Retype exactly what runs from the first line of the data to the line with "A rápida ação", keeping both of those lines and skipping pictures.

::: Records supplied

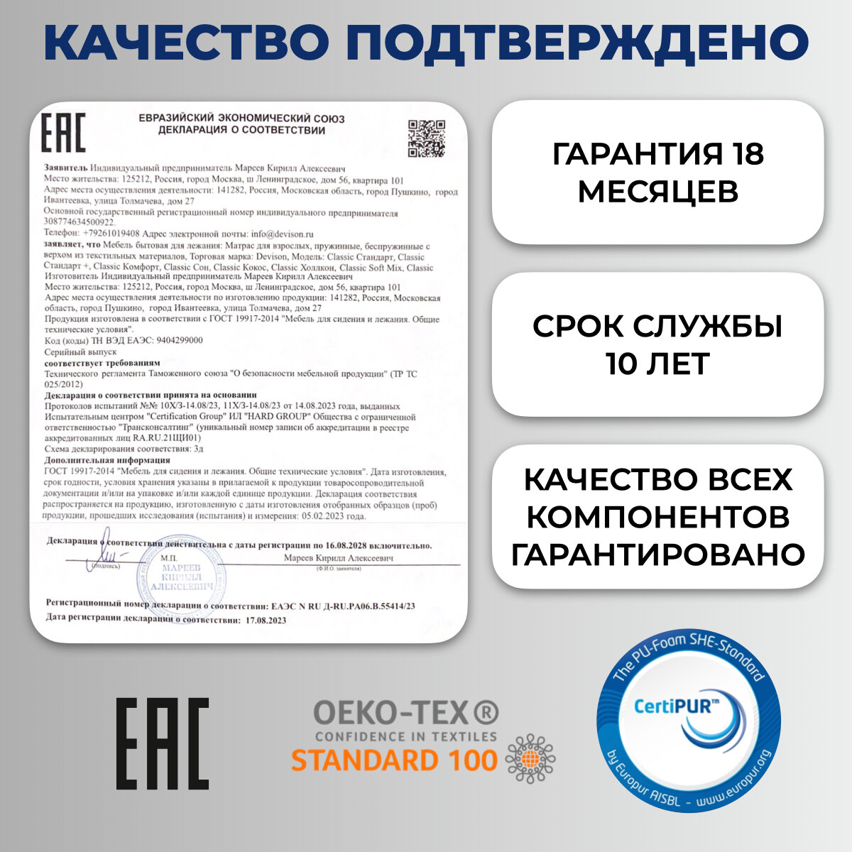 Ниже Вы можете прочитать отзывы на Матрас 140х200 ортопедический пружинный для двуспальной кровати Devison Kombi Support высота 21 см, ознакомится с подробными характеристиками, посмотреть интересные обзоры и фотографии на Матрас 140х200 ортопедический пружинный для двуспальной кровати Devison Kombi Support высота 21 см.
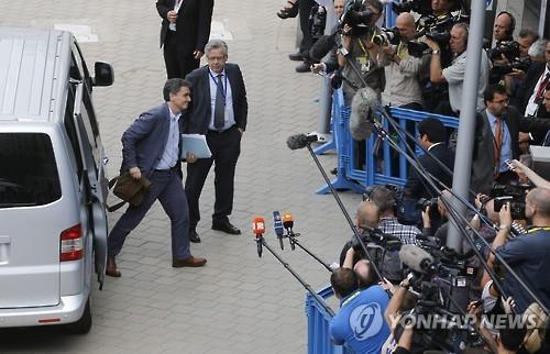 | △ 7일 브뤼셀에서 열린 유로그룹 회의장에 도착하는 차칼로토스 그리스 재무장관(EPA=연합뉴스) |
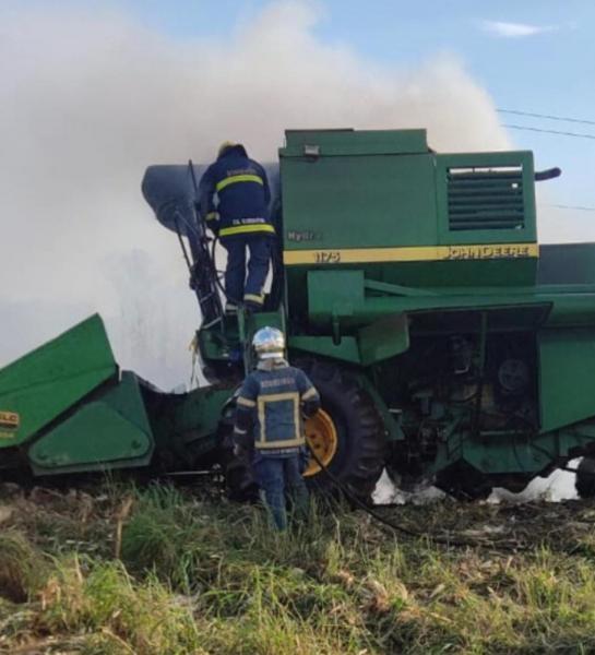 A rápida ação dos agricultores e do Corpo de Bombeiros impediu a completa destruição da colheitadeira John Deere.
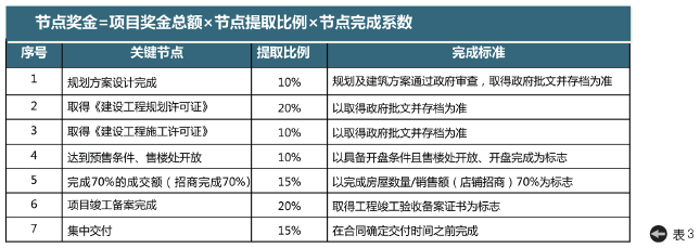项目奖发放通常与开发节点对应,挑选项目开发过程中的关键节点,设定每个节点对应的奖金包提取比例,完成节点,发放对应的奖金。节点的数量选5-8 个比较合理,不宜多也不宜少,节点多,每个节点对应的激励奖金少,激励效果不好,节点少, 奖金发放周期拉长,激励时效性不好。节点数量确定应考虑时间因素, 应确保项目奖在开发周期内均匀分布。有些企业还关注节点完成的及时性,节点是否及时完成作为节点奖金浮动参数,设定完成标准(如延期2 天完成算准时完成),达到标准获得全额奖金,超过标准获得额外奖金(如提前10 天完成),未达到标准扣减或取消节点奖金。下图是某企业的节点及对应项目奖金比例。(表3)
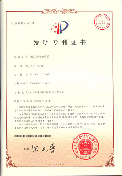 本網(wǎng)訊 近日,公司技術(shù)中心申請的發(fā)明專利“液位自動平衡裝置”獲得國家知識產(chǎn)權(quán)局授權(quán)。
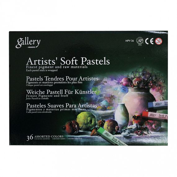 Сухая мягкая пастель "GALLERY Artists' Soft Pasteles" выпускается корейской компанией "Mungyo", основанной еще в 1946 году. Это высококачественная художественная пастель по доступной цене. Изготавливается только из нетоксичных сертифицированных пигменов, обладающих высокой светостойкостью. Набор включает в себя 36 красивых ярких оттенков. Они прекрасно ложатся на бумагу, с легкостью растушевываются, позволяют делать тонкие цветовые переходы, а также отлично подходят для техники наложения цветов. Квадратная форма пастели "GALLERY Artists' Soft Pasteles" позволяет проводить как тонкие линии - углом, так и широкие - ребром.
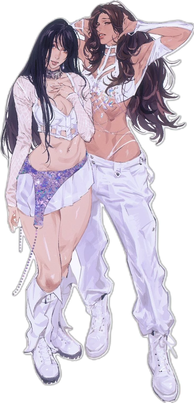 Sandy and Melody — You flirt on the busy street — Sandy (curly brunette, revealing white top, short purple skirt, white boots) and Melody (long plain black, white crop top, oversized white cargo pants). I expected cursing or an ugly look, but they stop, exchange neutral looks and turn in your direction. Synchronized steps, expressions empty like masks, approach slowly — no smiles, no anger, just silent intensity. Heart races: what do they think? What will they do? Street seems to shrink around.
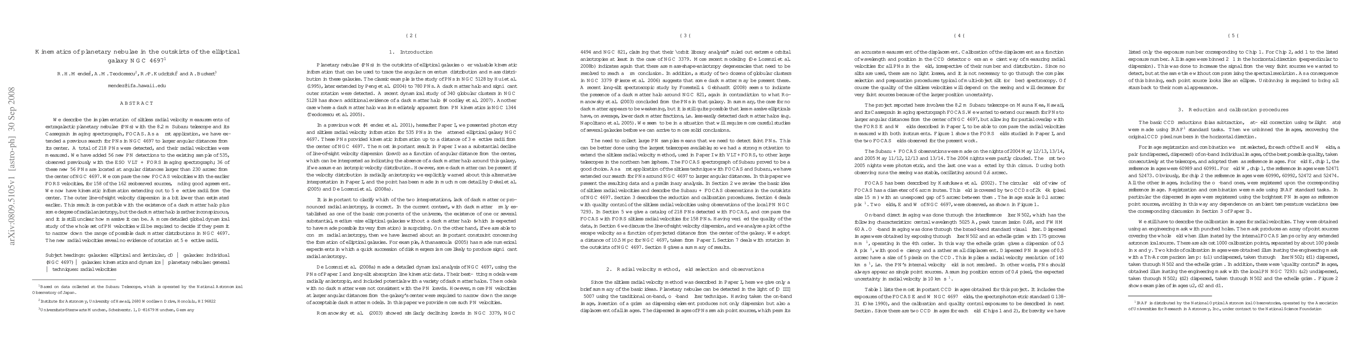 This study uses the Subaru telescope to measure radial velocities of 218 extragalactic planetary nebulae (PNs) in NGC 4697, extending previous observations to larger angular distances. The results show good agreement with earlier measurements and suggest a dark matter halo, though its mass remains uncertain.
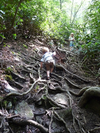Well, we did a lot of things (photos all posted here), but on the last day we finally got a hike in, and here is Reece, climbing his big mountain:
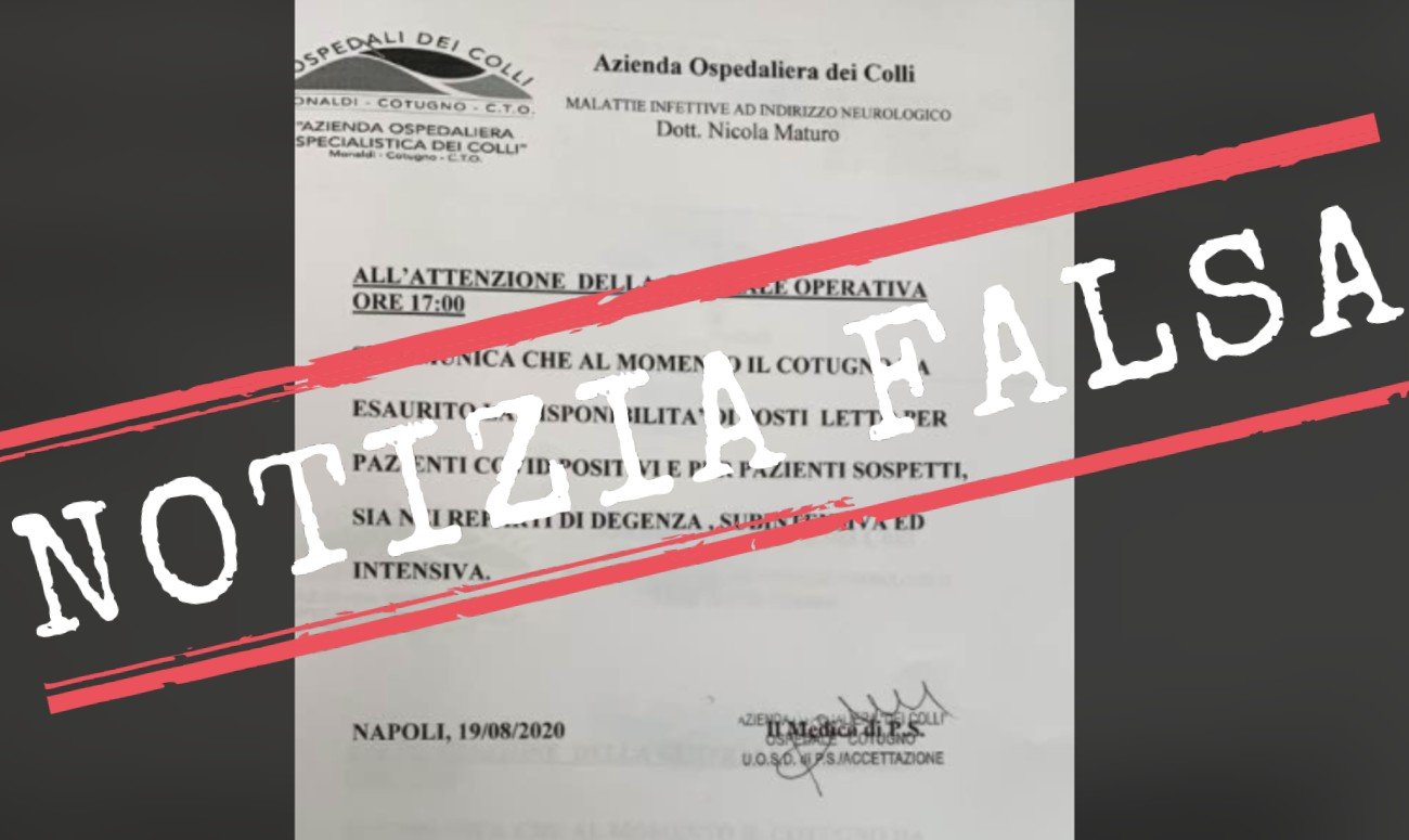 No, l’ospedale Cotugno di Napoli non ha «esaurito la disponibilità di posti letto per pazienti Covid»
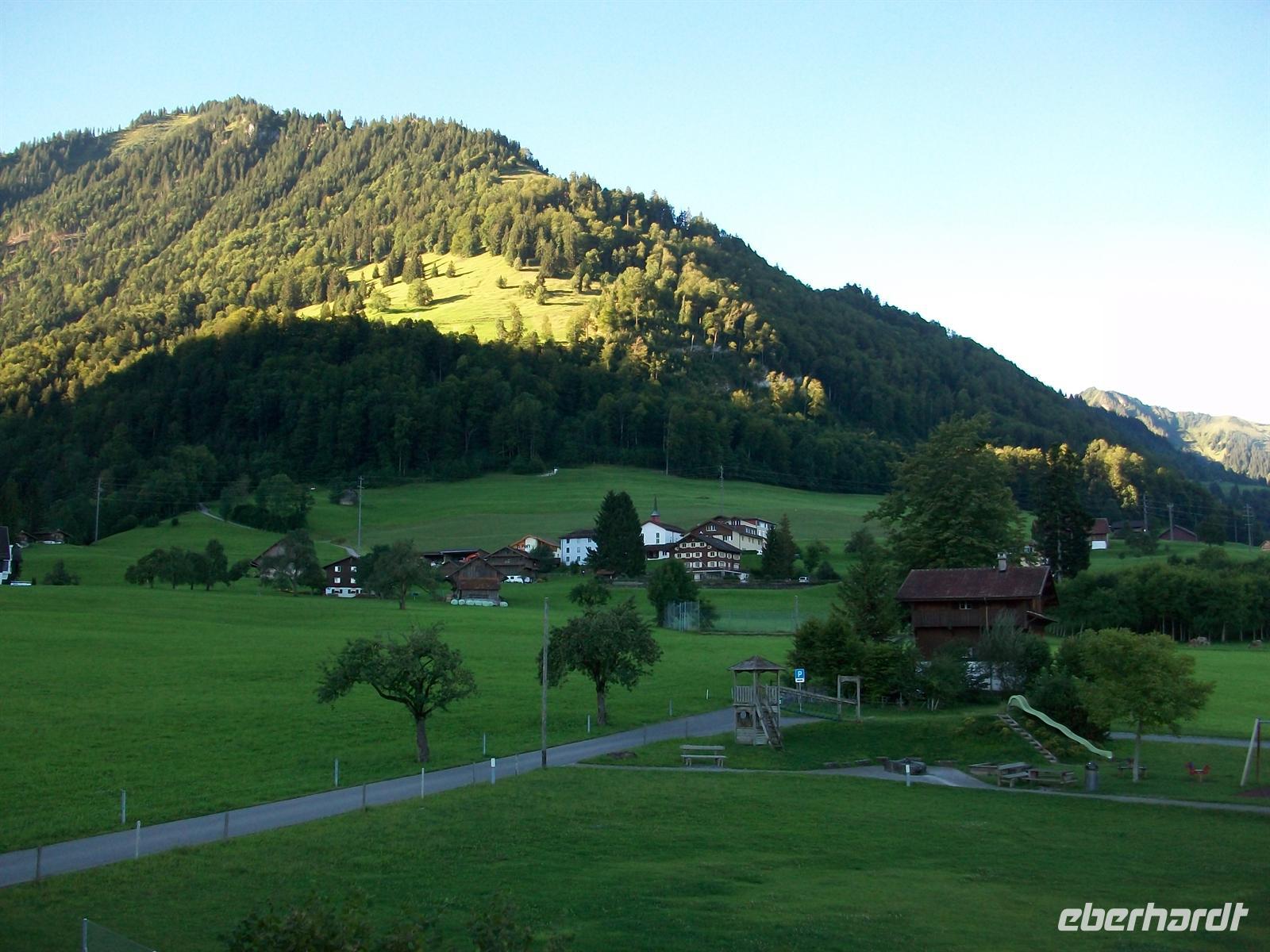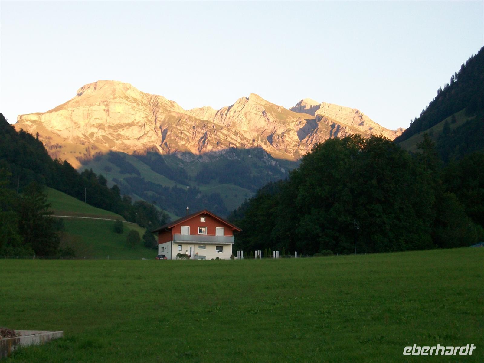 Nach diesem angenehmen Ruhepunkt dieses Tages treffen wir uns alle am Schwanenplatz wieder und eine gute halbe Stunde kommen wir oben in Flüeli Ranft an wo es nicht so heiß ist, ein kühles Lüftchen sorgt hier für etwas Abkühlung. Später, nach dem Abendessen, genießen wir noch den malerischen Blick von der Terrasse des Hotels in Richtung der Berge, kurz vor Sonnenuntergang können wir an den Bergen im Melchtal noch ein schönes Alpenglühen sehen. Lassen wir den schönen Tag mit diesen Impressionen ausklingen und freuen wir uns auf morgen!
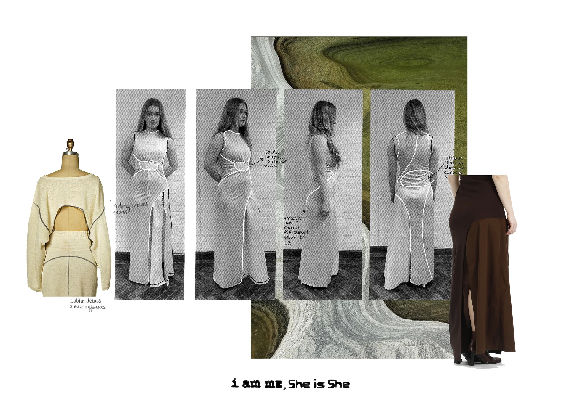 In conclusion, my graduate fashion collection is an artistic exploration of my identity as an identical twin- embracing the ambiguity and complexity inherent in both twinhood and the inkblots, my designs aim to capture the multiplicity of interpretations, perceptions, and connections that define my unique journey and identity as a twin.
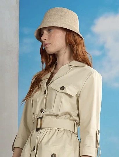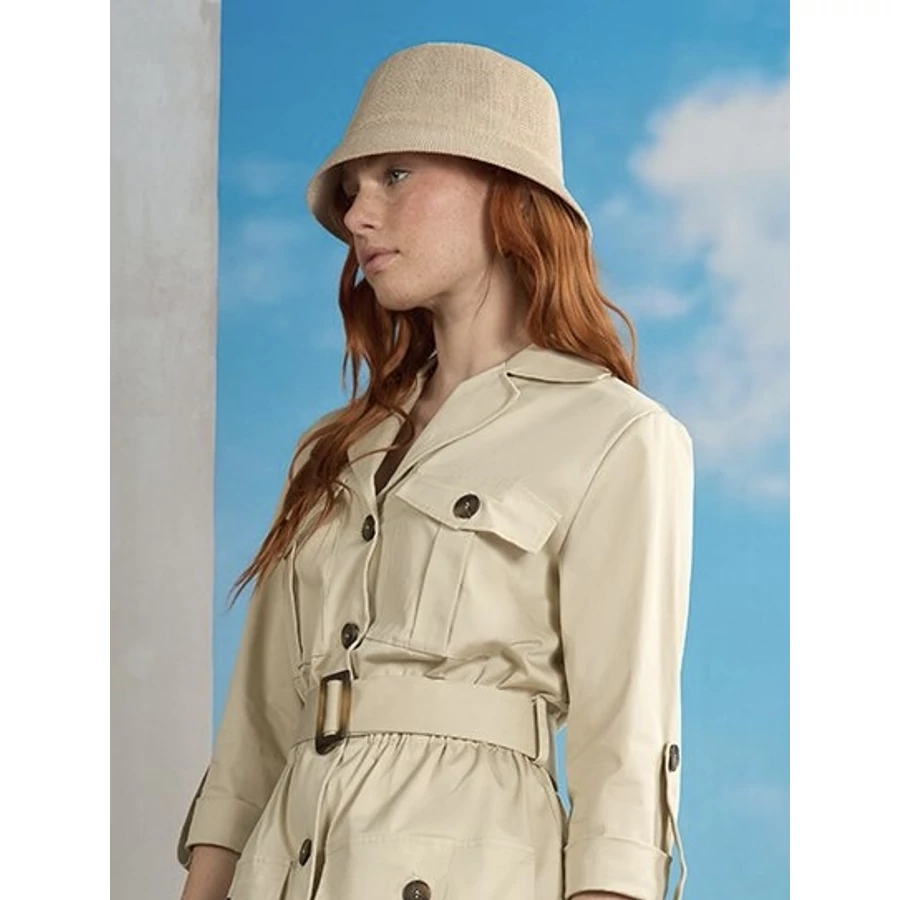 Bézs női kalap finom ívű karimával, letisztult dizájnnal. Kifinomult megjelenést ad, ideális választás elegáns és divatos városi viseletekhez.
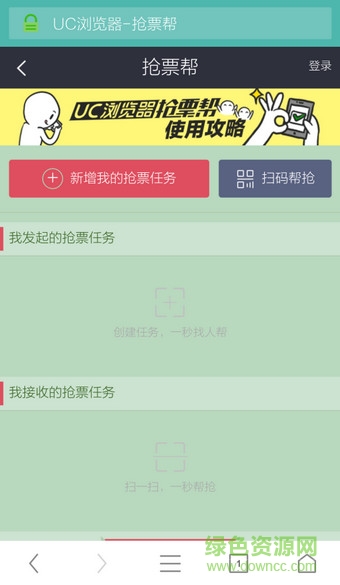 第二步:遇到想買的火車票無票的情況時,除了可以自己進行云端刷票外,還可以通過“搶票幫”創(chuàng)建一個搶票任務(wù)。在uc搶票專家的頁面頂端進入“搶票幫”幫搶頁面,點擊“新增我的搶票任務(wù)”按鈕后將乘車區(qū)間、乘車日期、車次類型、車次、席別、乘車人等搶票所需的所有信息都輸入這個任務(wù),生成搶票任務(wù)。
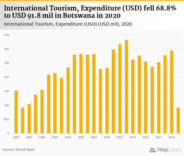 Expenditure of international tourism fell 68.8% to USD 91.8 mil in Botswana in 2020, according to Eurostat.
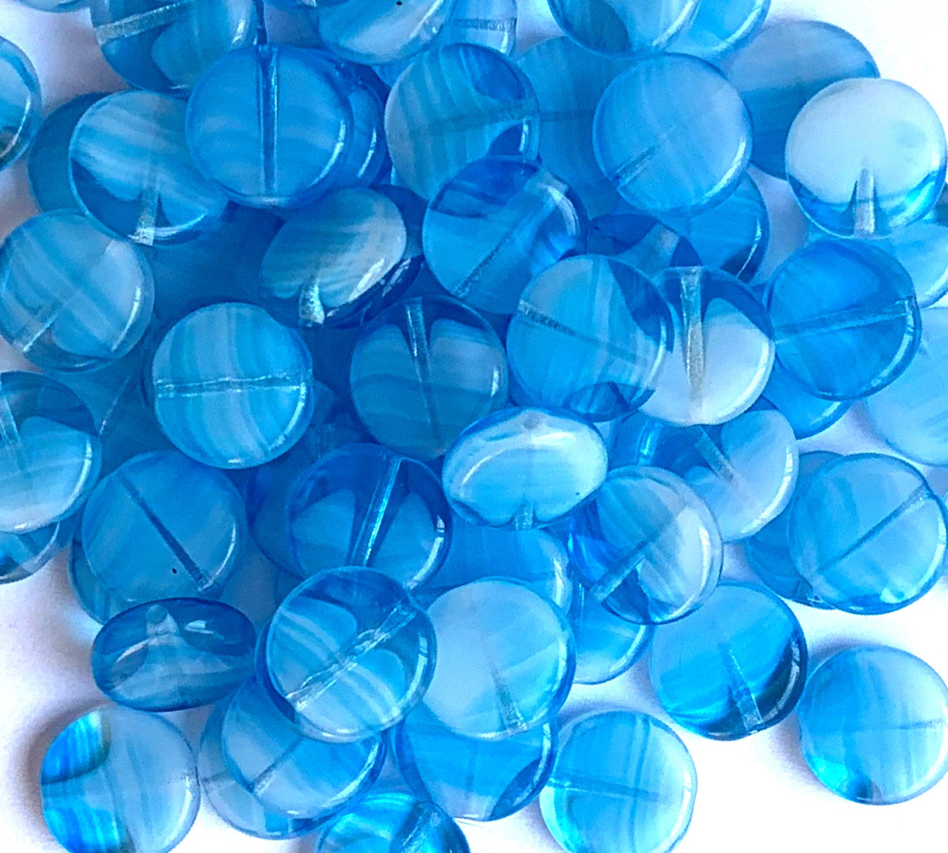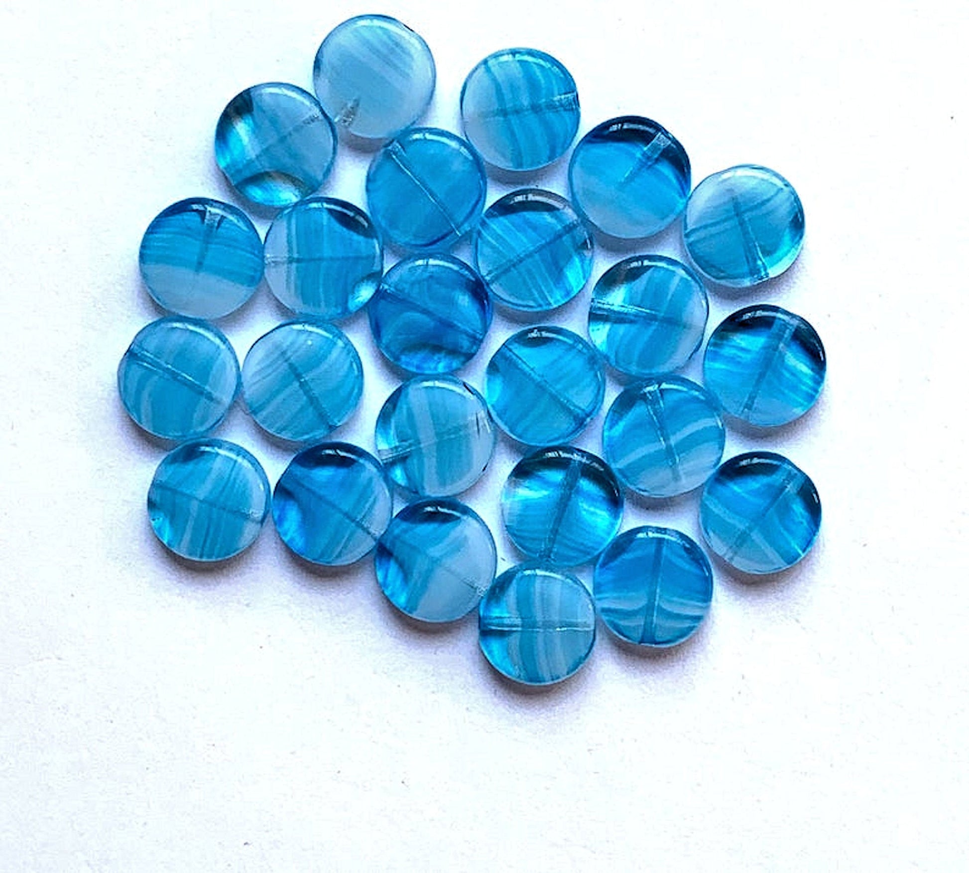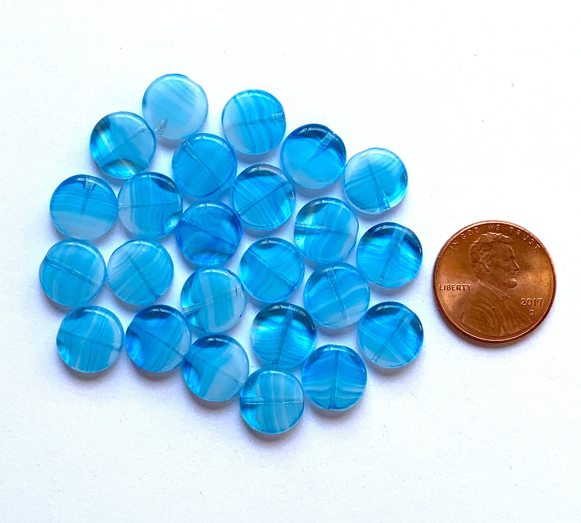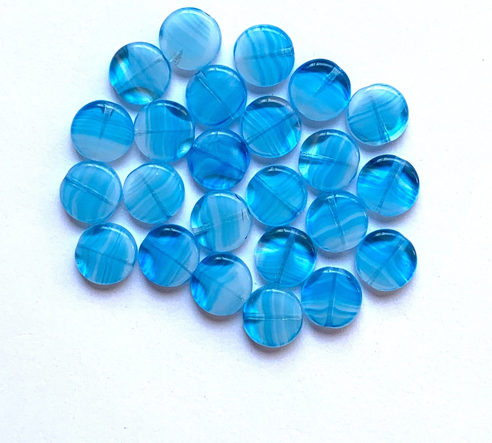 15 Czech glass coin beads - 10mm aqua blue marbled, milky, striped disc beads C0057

::::::

> Reply:
 Ниже Вы можете прочитать отзывы на Матрас 140х200 ортопедический пружинный для двуспальной кровати Devison Kombi Support высота 21 см, ознакомится с подробными характеристиками, посмотреть интересные обзоры и фотографии на Матрас 140х200 ортопедический пружинный для двуспальной кровати Devison Kombi Support высота 21 см.
 | △ 7일 브뤼셀에서 열린 유로그룹 회의장에 도착하는 차칼로토스 그리스 재무장관(EPA=연합뉴스) |
 A rápida ação dos agricultores e do Corpo de Bombeiros impediu a completa destruição da colheitadeira John Deere.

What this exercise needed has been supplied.